Invasive Spiny Waterfleas Discovered Near Boundary Waters

The Minnesota Department of Natural Resources (DNR) confirmed that spiny waterfleas were discovered by anglers in Burntside Lake near Ely last week. Burntside Lake is a popular entry point into motorless area of the Boundary Waters Canoe Area Wilderness.

Spiny Waterfleas collect on fishing lines. Photo courtesy Minnesota Sea Grant
Spiny Waterfleas collect on fishing lines. Photo courtesy Minnesota Sea Grant

Water fleas are tiny, but pose threats to lake life.
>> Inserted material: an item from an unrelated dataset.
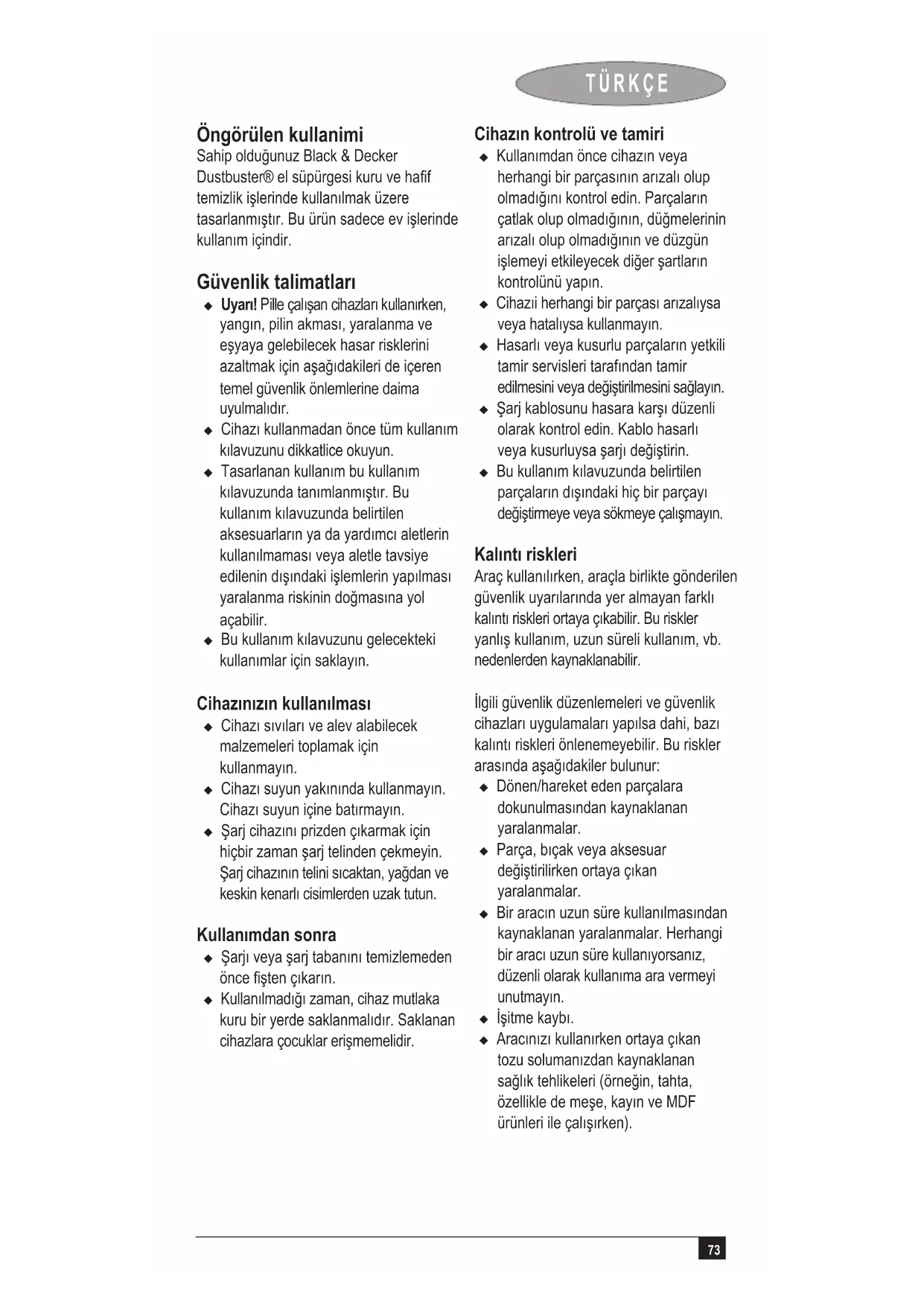 Öngörülen kullanimi Sahip olduğunuz Black & Decker Dustbuster® el süpürgesi kuru ve haf temizlik işlerinde kullanılmak üzere tasarlanmıştır. Bu ürün sadece ev işlerinde kullanım içindir. Güvenliktalimatları u Uyarı! Pille çalışan cihazları kullanırken, yangın, pilin akması, yaralanma ve eşyaya gelebilecek hasar risklerini azaltmak için aşağıdakileri de içeren temel güvenlik önlemlerine daima uyulmalıdır. u Cihazı kullanmadan önce tüm kullanım kılavuzunu dikkatlice okuyun. u Tasarlanan kullanım bu kullanım kılavuzunda tanımlanmıştır. Bu kullanım kılavuzunda belirtilen aksesuarların ya da yardımcı aletlerin kullanılmaması veya aletle tavsiye edilenin dışındaki işlemlerin yapılması yaralanma riskinin doğmasına yol açabilir. u Bu kullanım kılavuzunu gelecekteki kullanımlar için saklayın. Cihazınızınkullanılması u Cihazı sıvıları ve alev alabilecek malzemeleri toplamak için kullanmayın. u Cihazı suyun yakınında kullanmayın. Cihazı suyun içine batırmayın. u Şarj cihazını prizden çıkarmak için hiçbir zaman şarj telinden çekmeyin. Şarj cihazının telini sıcaktan, yağdan ve keskin kenarlı cisimlerden uzak tutun. Kullanımdansonra u Şarjı veya şarj tabanını temizlemeden önce şten çıkarın. u Kullanılmadığı zaman, cihaz mutlaka kuru bir yerde saklanmalıdır. Saklanan cihazlara çocuklar erişmemelidir. Cihazınkontrolüvetamiri u Kullanımdan önce cihazın veya herhangi bir parçasının arızalı olup olmadığını kontrol edin. Parçaların çatlak olup olmadığının, düğmelerinin arızalı olup olmadığının ve düzgün işlemeyi etkileyecek diğer şartların kontrolünü yapın. u Cihazıi herhangi bir parçası arızalıysa veya hatalıysa kullanmayın. u Hasarlı veya kusurlu parçaların yetkili tamir servisleri tarafından tamir edilmesini veya değiştirilmesini sağlayın. u Şarj kablosunu hasara karşı düzenli olarak kontrol edin. Kablo hasarlı veya kusurluysa şarjı değiştirin. u Bu kullanım kılavuzunda belirtilen parçaların dışındaki hiç bir parçayı değiştirmeye veya sökmeye çalışmayın. Kalıntıriskleri Araç kullanılırken, araçla birlikte gönderilen güvenlik uyarılarında yer almayan farklı kalıntı riskleri ortaya çıkabilir. Bu riskler yanlış kullanım, uzun süreli kullanım, vb. nedenlerden kaynaklanabilir. İlgili güvenlik düzenlemeleri ve güvenlik cihazları uygulamaları yapılsa dahi, bazı kalıntı riskleri önlenemeyebilir. Bu riskler arasında aşağıdakiler bulunur: u Dönen/hareket eden parçalara dokunulmasından kaynaklanan yaralanmalar. u Parça, bıçak veya aksesuar değiştirilirken ortaya çıkan yaralanmalar. u Bir aracın uzun süre kullanılmasından kaynaklanan yaralanmalar. Herhangi bir aracı uzun süre kullanıyorsanız, düzenli olarak kullanıma ara vermeyi unutmayın. u İşitme kaybı.u Aracınızı kullanırken ortaya çıkan tozu solumanızdan kaynaklanan sağlık tehlikeleri (örneğin, tahta, özellikle de meşe, kayın ve MDF ürünleri ile çalışırken).74
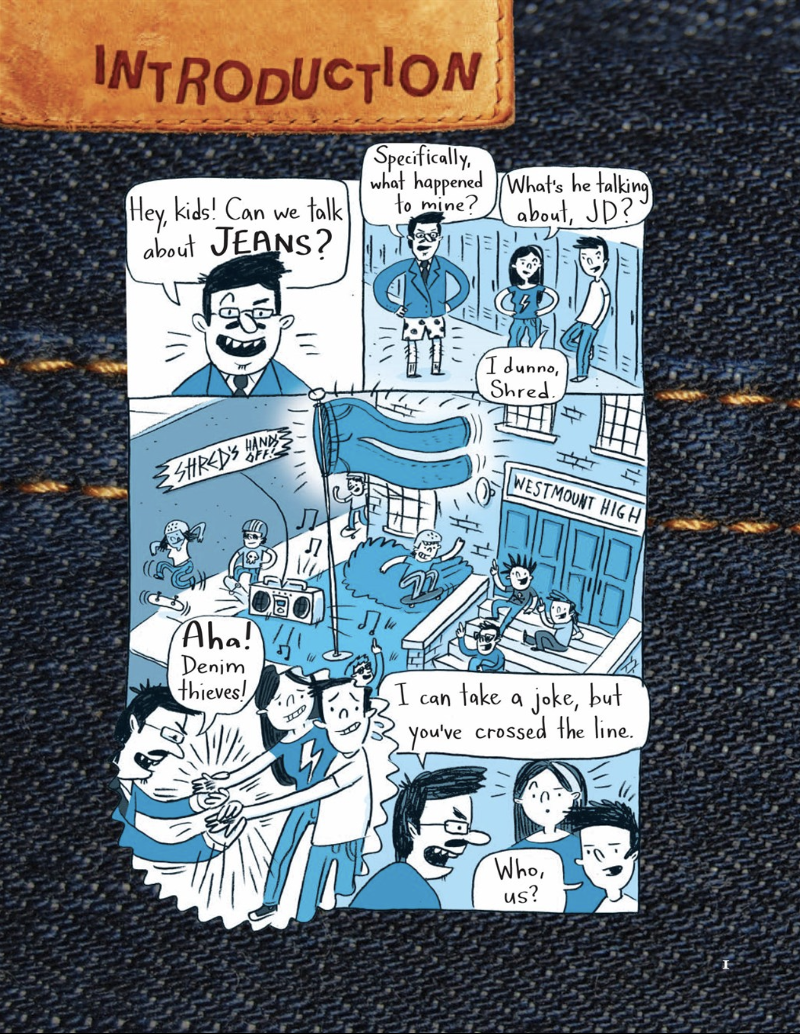 In The Lowdown on Denim, narrators JD and Shred take readers on a trip through the history of jeans, demonstrating that, whatever their style, jeans have always driven and reflected popular culture. They use their interest in denim to escort readers from wartime to the rodeo circuit and from environmental concerns to the rock and roll stage.

The animals can collect in masses like gelatin and may compete with fish for desirable native zooplankton.

“Spiny waterfleas can spread when boats, fishing or bait harvesting gear become contaminated with egg-laden females or when water from the infested lakes and rivers is transported,” said Rich Rezanka, DNR invasive species specialist. “Although the waterfleas can die between fishing trips, they might be carrying resting eggs that can begin a new infestation.” Spiny waterfleas are currently found in Lake Superior, Mille Lacs Lake, Fish Lake, and the U.S.-Canadian border waters such as Lake of the Woods, Rainy Lake and Namakan Lake as well as lakes on the Gunflint Trail north of Grand Marais.

Photo courtesy U.S. Fish and Wildlife Service
Photo courtesy U.S. Fish and Wildlife Service

The DNR will declare Burntside Lake infested, post signs and increase enforcement efforts on the lake. Transport of water in and out will be prohibited; livewells, bait containers and bilges must be drained.